We would like to thank PauLLA with support of Université de Pau et des Pays de l’Adour (UPPA) for the server and connectivity and Communauté d’Agglomération de Pau Pyrénées (CDAPP) for the data centre hosting. We would also like to thank OpenStreetMap contributor Christophe Merlet for arranging the donation.

The OpenStreetMap Foundation is a not-for-profit organization, formed in the UK to support the OpenStreetMap Project. It is dedicated to encouraging the growth, development and distribution of free geospatial data and to providing geospatial data for anyone to use and share. The OpenStreetMap Foundation owns and maintains the infrastructure of the OpenStreetMap project. You can support OpenStreetMap by donating to the OpenStreetMap Foundation.

More new servers

Dragon sculpture on the Dragon Bridge in Ljubljana. Photo CC-By-SA, dani_7C3


The OpenStreetMap Foundation, and the Operations Working Group, would like to thank Nokia UK Limited for the donation of some of their redundant server hardware. This hardware has found new purpose in the form of “soup“[1] and “fiddlestick“[2], two new web front end servers. A third server “eustace“[3] will be used initially as a trial web statistics server.

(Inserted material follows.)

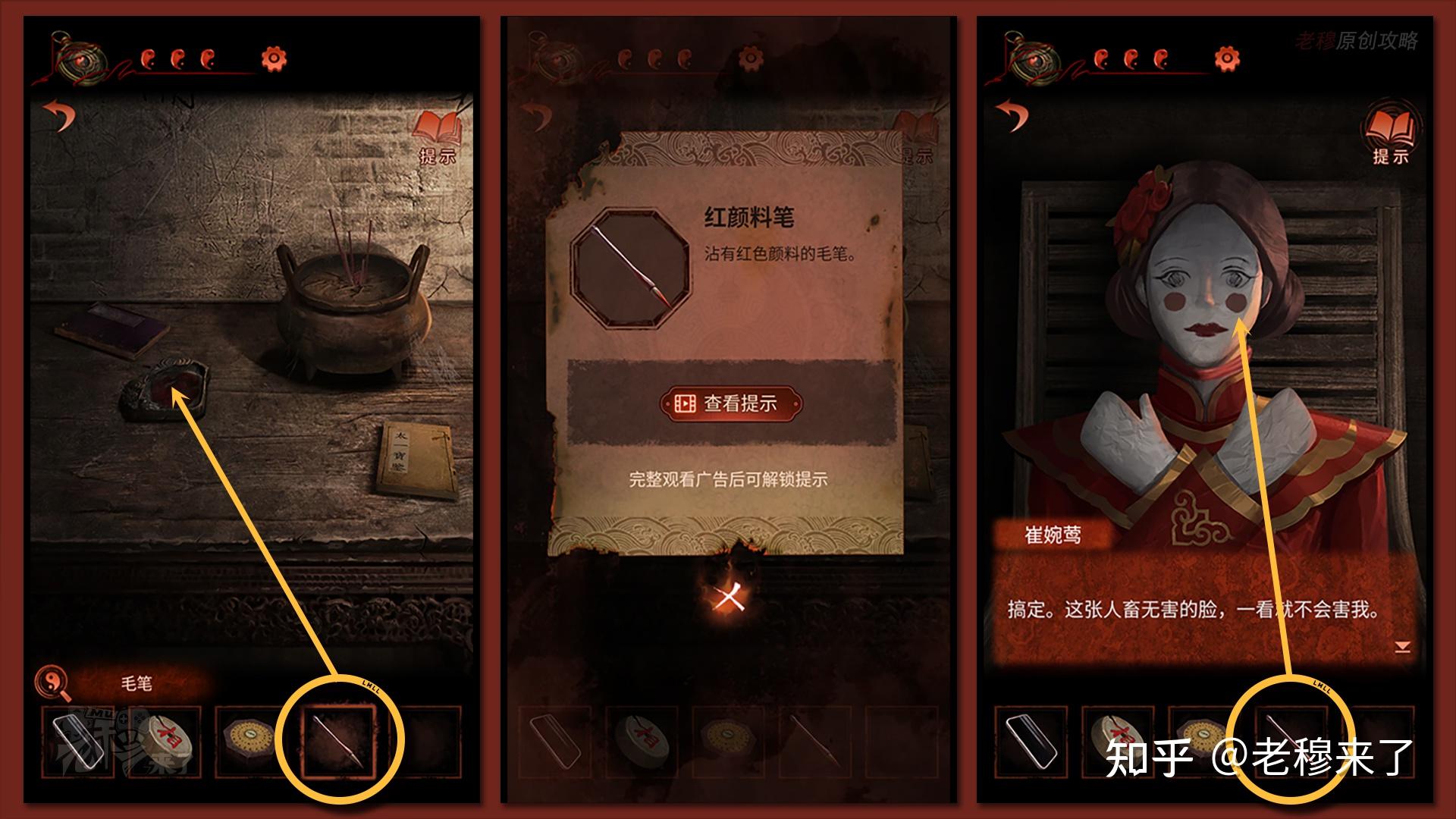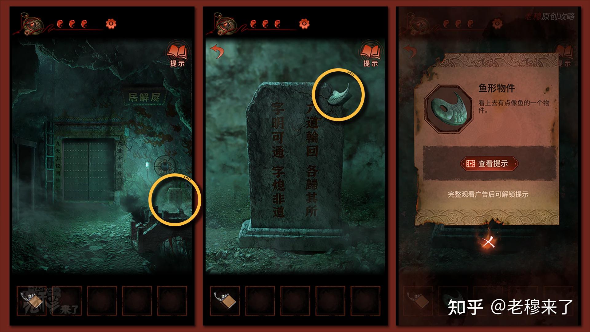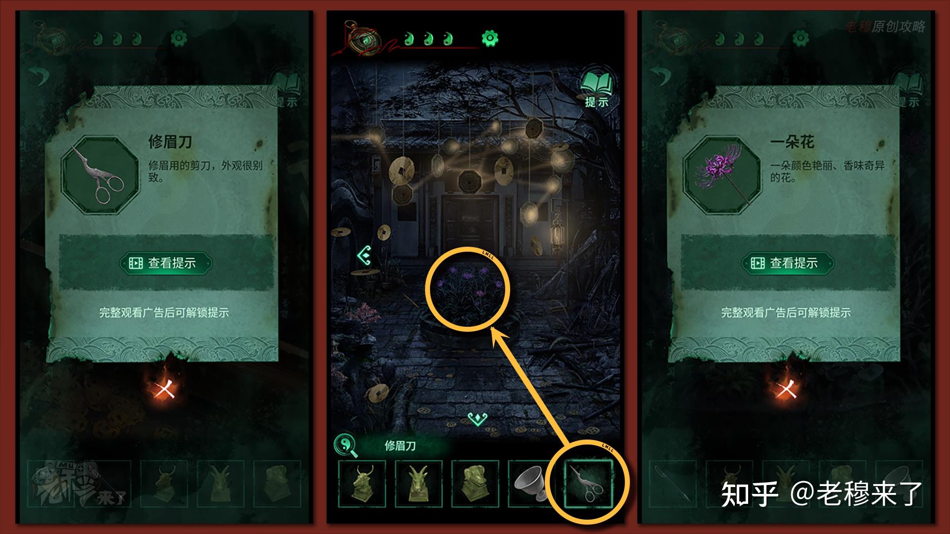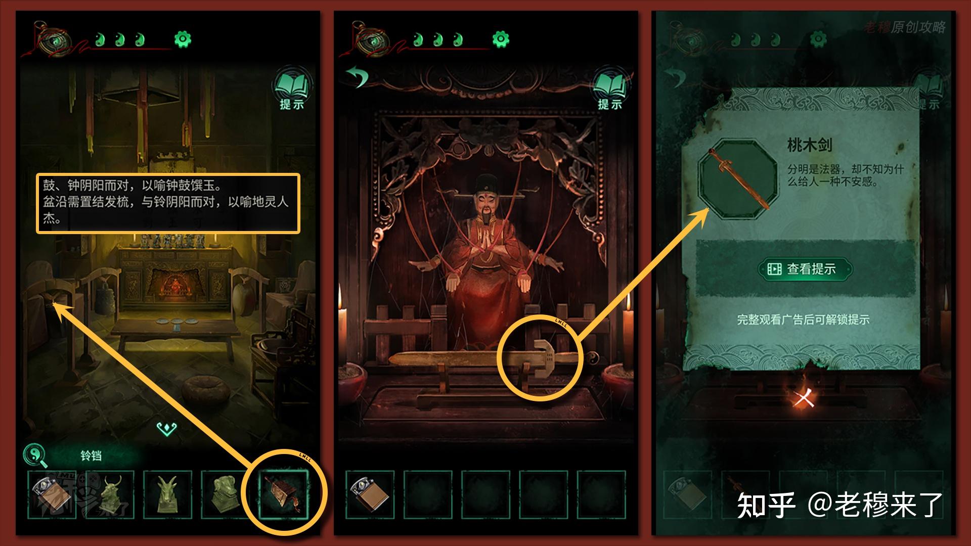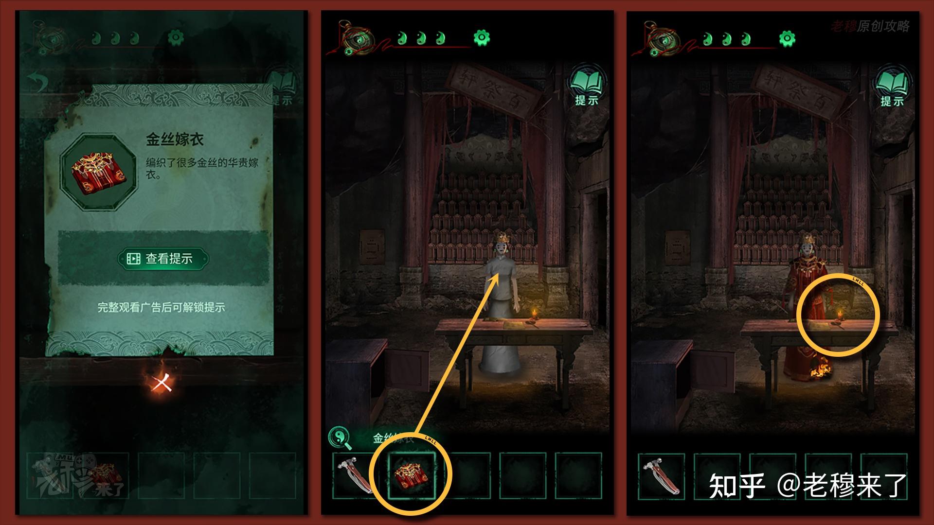 按照剧情男主来到郑宅大门前,用【打火机】点燃门外两侧的【红白灯笼】,再察看摆布两尊石狮子,右边石狮子刻有【一二四六】,右边石狮子刻有【九鬼叩门】,再察看【门环】,按照提醒右边别离是第【一二四六】次叩击门环,而总共叩九次,所有右侧门在第【三五七八九】次叩击右侧门环,所有叩击门环的挨次应该是【左摆布摆布摆布右右】

The web front-end servers, soup and fiddlestick, replace puff and fuchur who had performed that role since 2008. Web front-end servers in OpenStreetMap provide the data browser and data layer, as well as user diaries and other “social” functions.

Eustace will debut in a new role for OpenStreetMap by collecting web statistics. The OpenStreetMap Foundation wants to know more about how users experience the OSM web site in an effort to improve the way that OSM services are delivered.

[1] Character from The Clangers, a UK children’s TV programme.
[2] Strangewood (1999): Fiddlestick, a small musically emotive dragon.
[3] Turns into a dragon in The Voyage of the Dawn Treader (Chronicles of Narnia) after slipping on a gold bracelet.

Introducing Zark

Zark, during installation.

Zark is the newest OpenStreetMap server. Give Zark a warm welcome. Continuing the in the tradition of naming OSM servers after dragons, the name “Zark” is taken from the Eidolon Chronicles/Shadow World books by Jane Johnson.

The first task for Zark will be to serve as a trial / evaluation server for the OWL – OpenStreetMap Watch List service. OWL’s popularity on the dev server has lead to performance problems and long update delays. After more than a year of development and increasing popularity of OWL’s ability to follow local changes without distracting “Big” changesets, moving OWL to Zark will make this service even more effective for mappers.

Many thanks to bitfolk.com for donating this server.